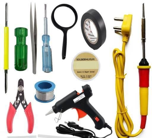(Pack of 11) GLUE GUN KIT WITH SOLDERING IRON OR OTHER ESSENTIAL TOOLS(Wire,Flux, Lense etc.)
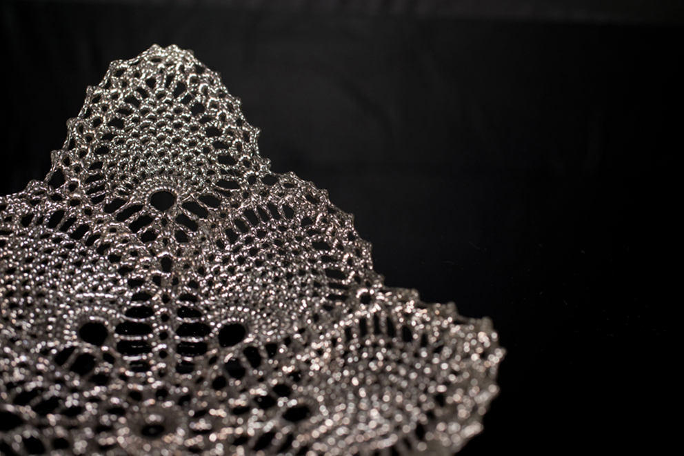 I am currently researching & testing further textile techniques such as weaving, traditional Aran/Celtic designs & Shetland Lacework Shawls. I am also investigating a wider range of glass materials, such as rope to create a new range of glass vessels & lighting.
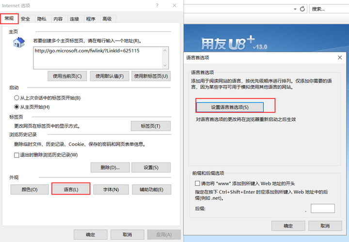 1、打开浏览器的“Internet选项”窗口,在常规选项卡上,点击【语言】按钮,点击“设置语言首选项”
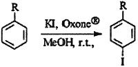 A typical oxyiodination of an aromatic compounds in the presence of Oxone proceeds according to the stoichiometry of Eq. 1. It is believed that the iodination proceeds via the formation of hypoiodous acid. The hypoiodous acid has higher instability due to pronounced ionic nature and thus more reactivity towards the aromatic nucleus. The absence of iodination of the ring methyl group (Table 1, Entries 11-13) is indicative of the electrophilic mechanism of the reaction rather than a radical pathway.
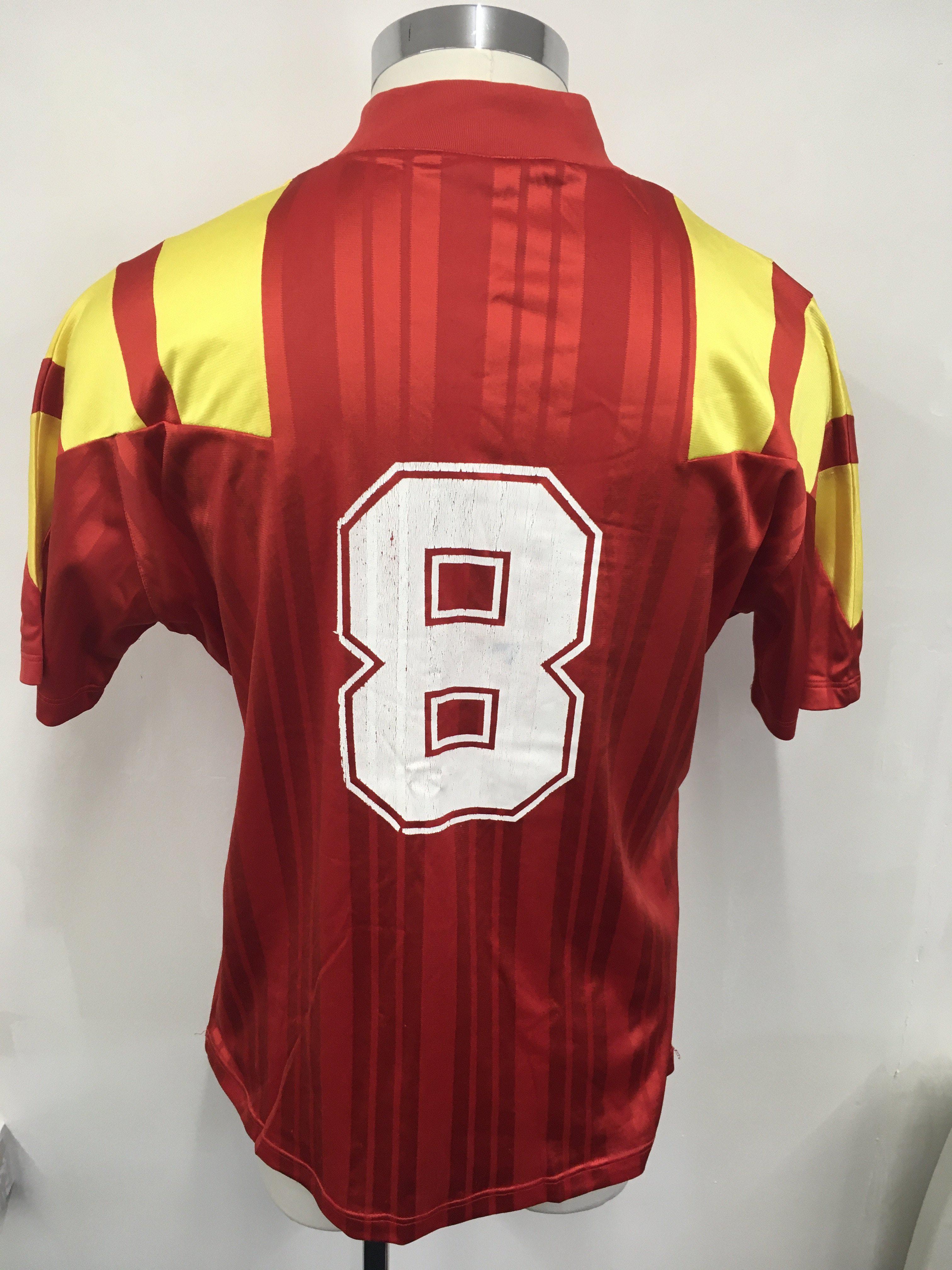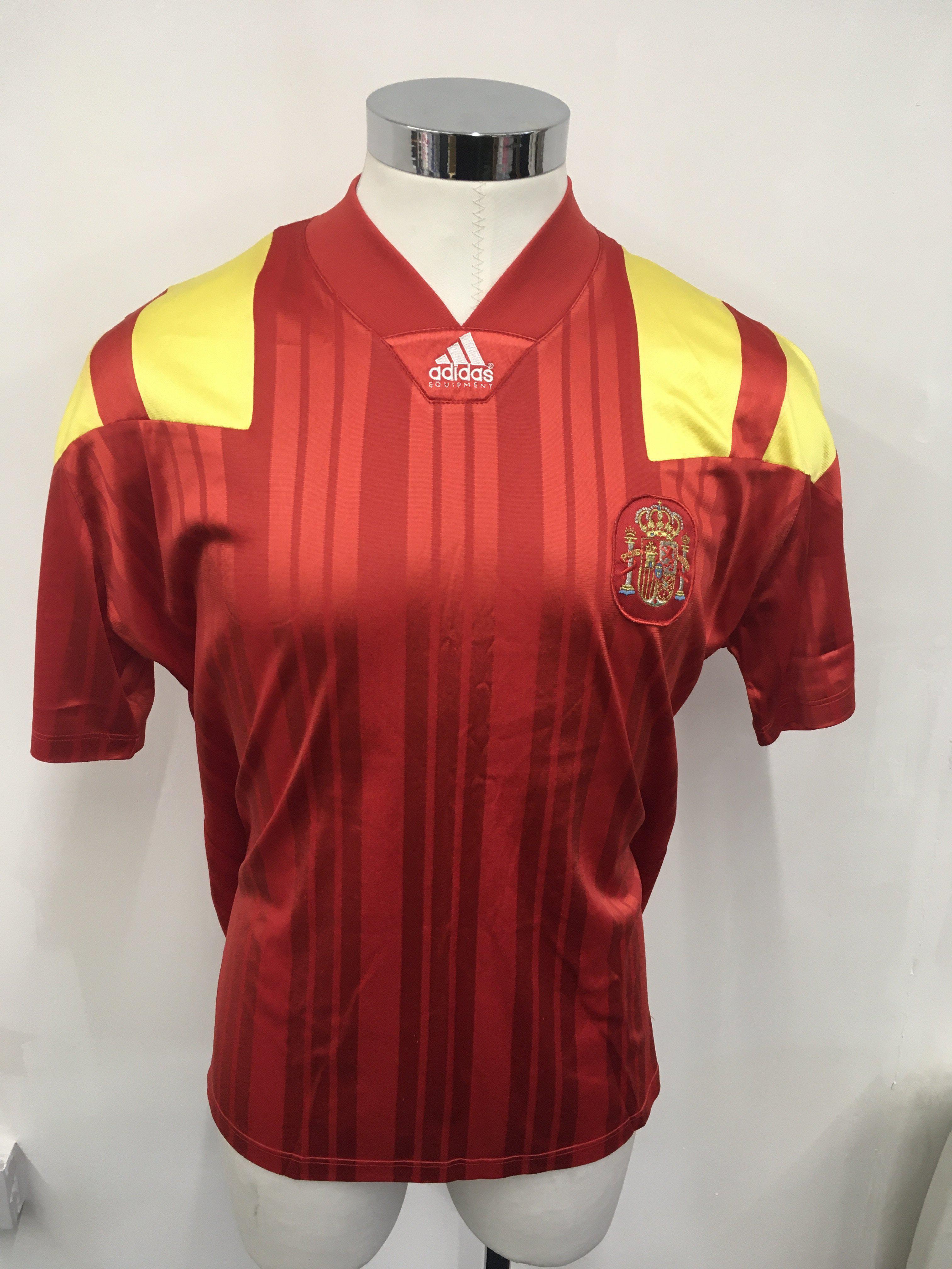 Spain 1992 Match Worn Football Shirt: Red short sleeve Adidas shirt with yellow trim. Number 8 to rear. Worn v England on 9 9 1992 by Michel and swapped with Paul Merson.
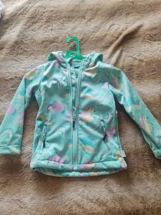 Chaqueta con capucha para niña, con un divertido estampado. - Diseño de unicornios y arcoíris. - Color principal turquesa. - Cierre de cremallera frontal. - Dos bolsillos con cremallera.
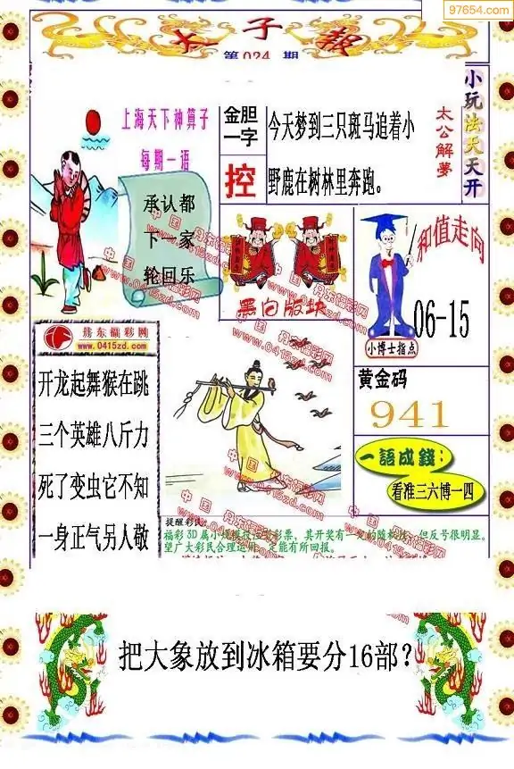 024期福彩太子报红五图库
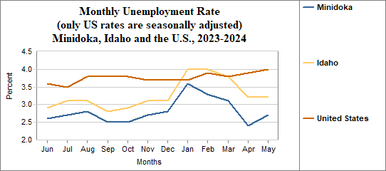 Minidoka's monthly unemployment rate was 2.7 percent in May, 2024. This compares to 3.2 percent in Idaho as a whole.
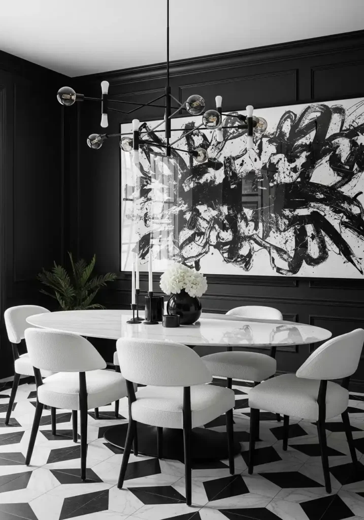 The key to a black and white moody dining room that feels artistic rather than merely high-contrast is the quality and thoughtfulness of every element within the strict palette. A white marble dining table — with its natural gray veining and its cool, luminous surface — brings the most beautiful version of white to the room’s central piece. A sculptural black chandelier with organic or geometric form occupies the space above the table with design confidence. One oversized, masterfully composed black and white abstract artwork spanning a full wall transforms that surface into a gallery piece of genuine power. Black and white geometric floor tiles add a pattern at the base level that reinforces the room’s graphic vocabulary from floor to ceiling.
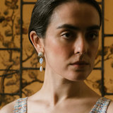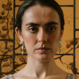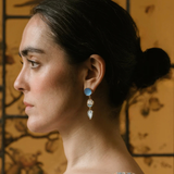 Materials: Ethically sourced 18k gold-plated silver, blue lace agate, cameo, shell and vintage glass.
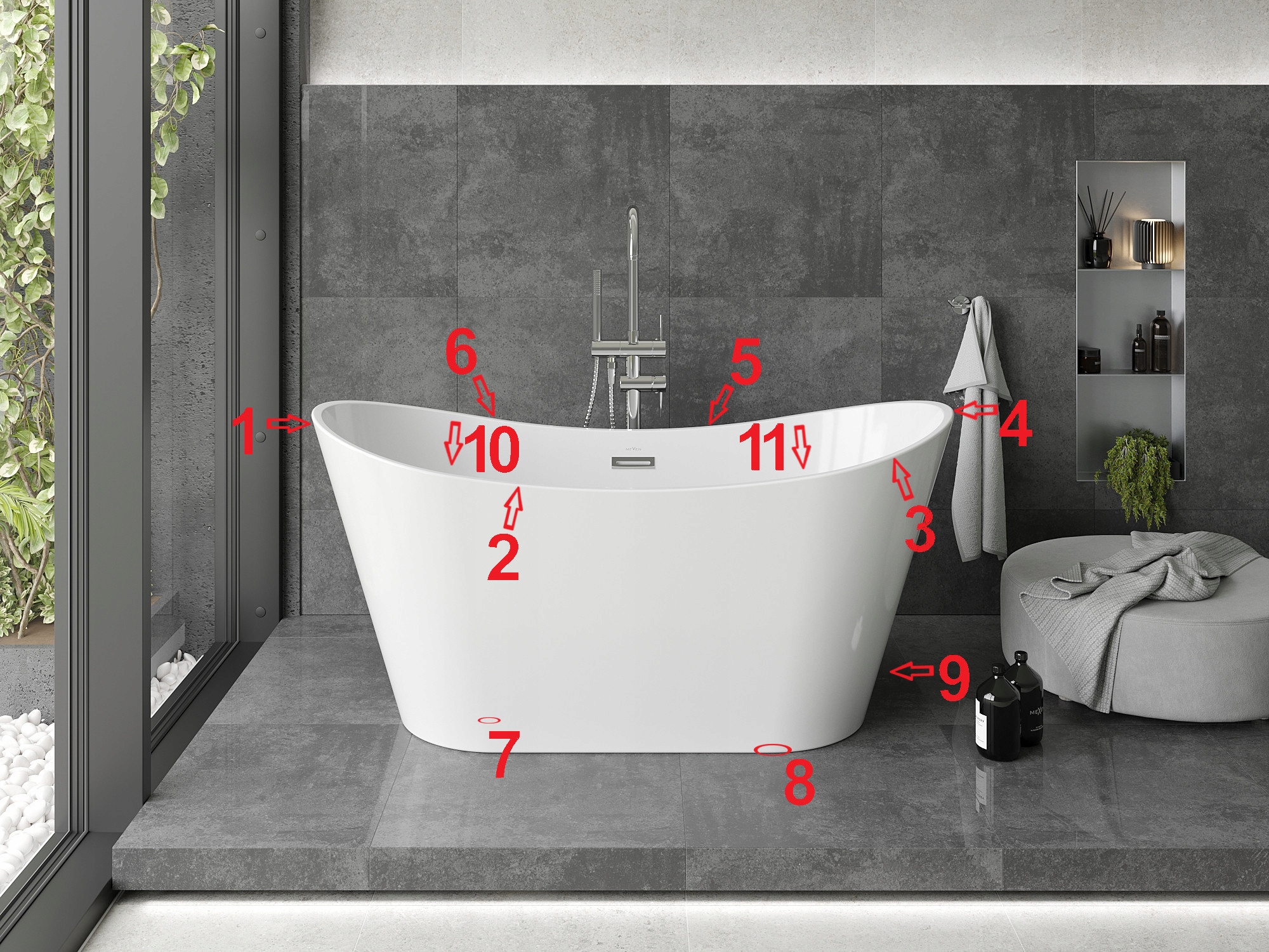 Отдельностоящая ванна Mexen Montana 150 х 75 см, 2-й сорт, белый, хромированный перелив
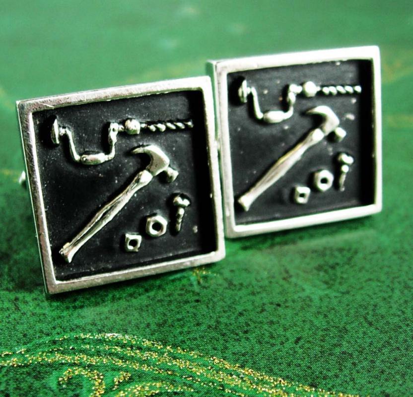 Swank DO it Yourself Cufflinks Vintage Shadow Box Tool Kit Box Industrial Cuff Links Gift for the Handyman
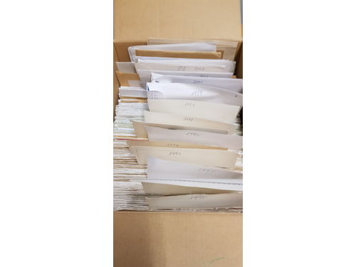 Sweden. Accumulation used 1800–1900s in box. Local stamps, air labels, recommended labels, express labels and others. Strips, blocks and souvenir sheets are amongst the boxes. Also very good stamped ones from different part of Sweden. Please see a selection of scans at www.philea.se. Mostly fine quality. (>10000) Show less
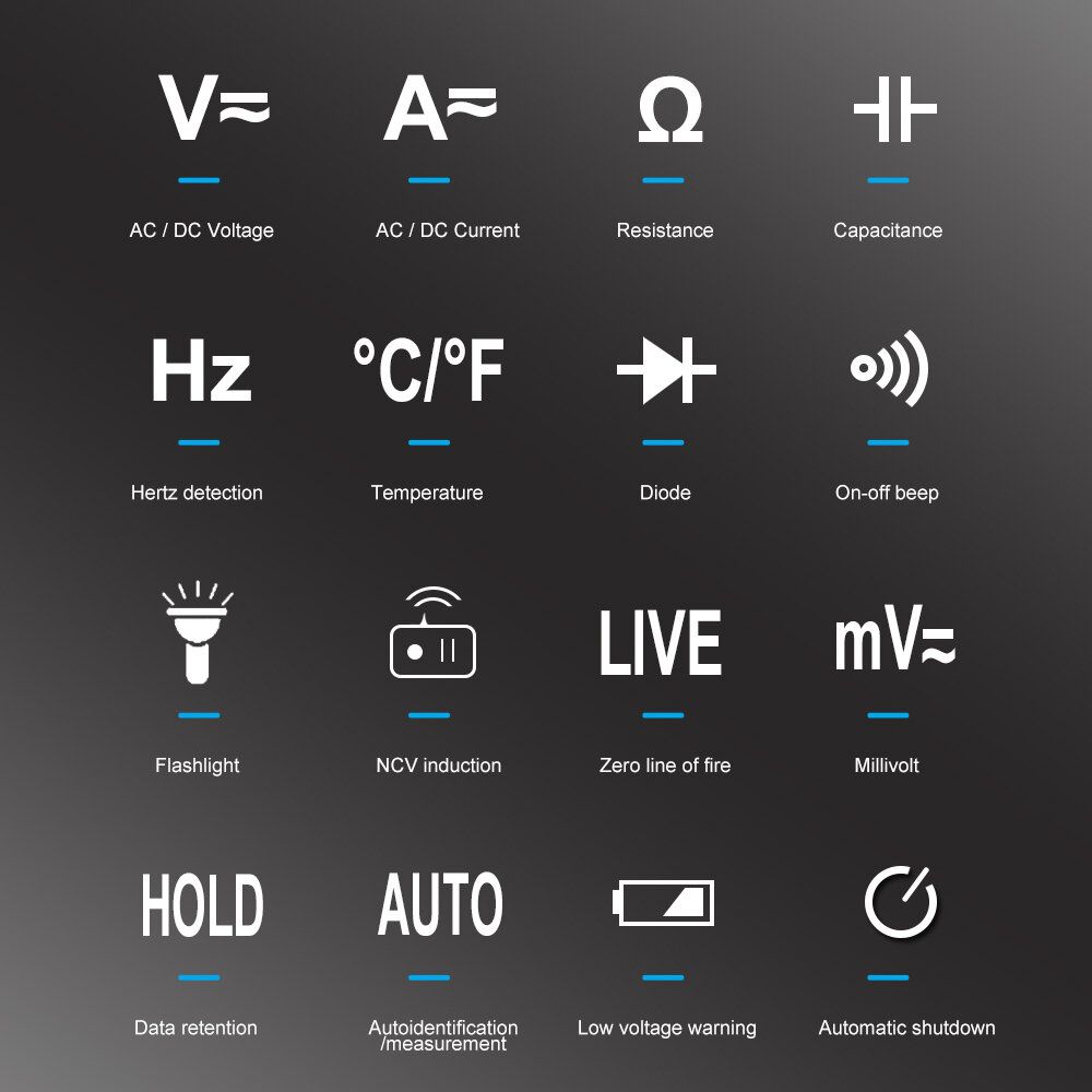 5.Multi-function Test: AC DC Voltage/AC DC Current/Temperature/Frequency /Capacitance/Resistance/Line On/Off/Diode Measurement
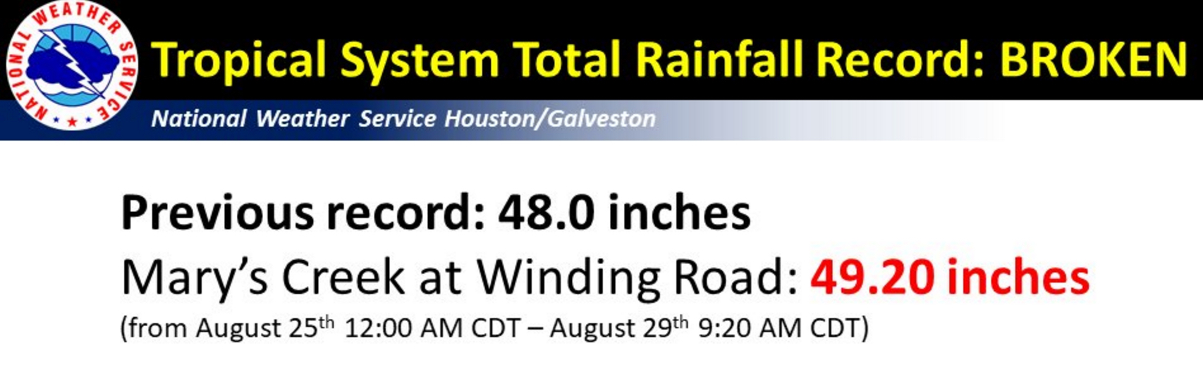“The record for total rainfall from a tropical system has been BROKEN!” the National Weather Service tweeted Tuesday morning. The previous record for wettest tropical system in the continental United States was 48 inches. Harvey had already hit 49.20, and the rain was still coming.
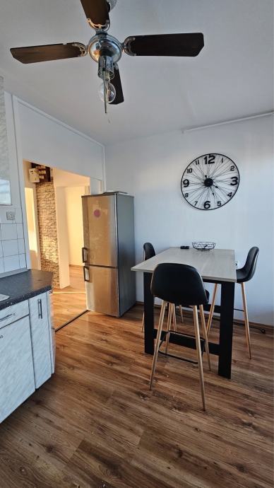 Stan je potpuno namješten - kuhinja ima stednjak i hladnjak, a u prostoru za blagovanje nalazi se stol s barski stolicama. Podovi su laminat. U dnevnoj sobi se nalazi kauč na razvlačenje a u spavaćoj sobi je bračni krevet. Grijanje je na gradsku toplanu, a prosječni iznos režija iznosi oko 100 eura mjesečno. Energetski razred je B.
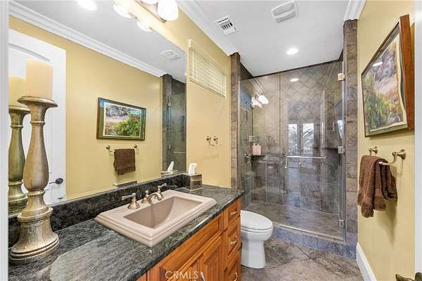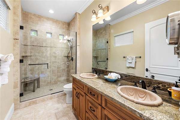The main house guest bedroom has a walk-in closet, private bath, and its own private patio.

● **What is being asked**:
Print everything from the line with "Chaqueta con capucha" down to the line with "Materials: Ethically sourced" in the entries above, both lines included and nothing more, without the pictures.

● **Solution**:
 Chaqueta con capucha para niña, con un divertido estampado. - Diseño de unicornios y arcoíris. - Color principal turquesa. - Cierre de cremallera frontal. - Dos bolsillos con cremallera.
 024期福彩太子报红五图库
 Minidoka's monthly unemployment rate was 2.7 percent in May, 2024. This compares to 3.2 percent in Idaho as a whole.
 The key to a black and white moody dining room that feels artistic rather than merely high-contrast is the quality and thoughtfulness of every element within the strict palette. A white marble dining table — with its natural gray veining and its cool, luminous surface — brings the most beautiful version of white to the room’s central piece. A sculptural black chandelier with organic or geometric form occupies the space above the table with design confidence. One oversized, masterfully composed black and white abstract artwork spanning a full wall transforms that surface into a gallery piece of genuine power. Black and white geometric floor tiles add a pattern at the base level that reinforces the room’s graphic vocabulary from floor to ceiling.
 Materials: Ethically sourced 18k gold-plated silver, blue lace agate, cameo, shell and vintage glass.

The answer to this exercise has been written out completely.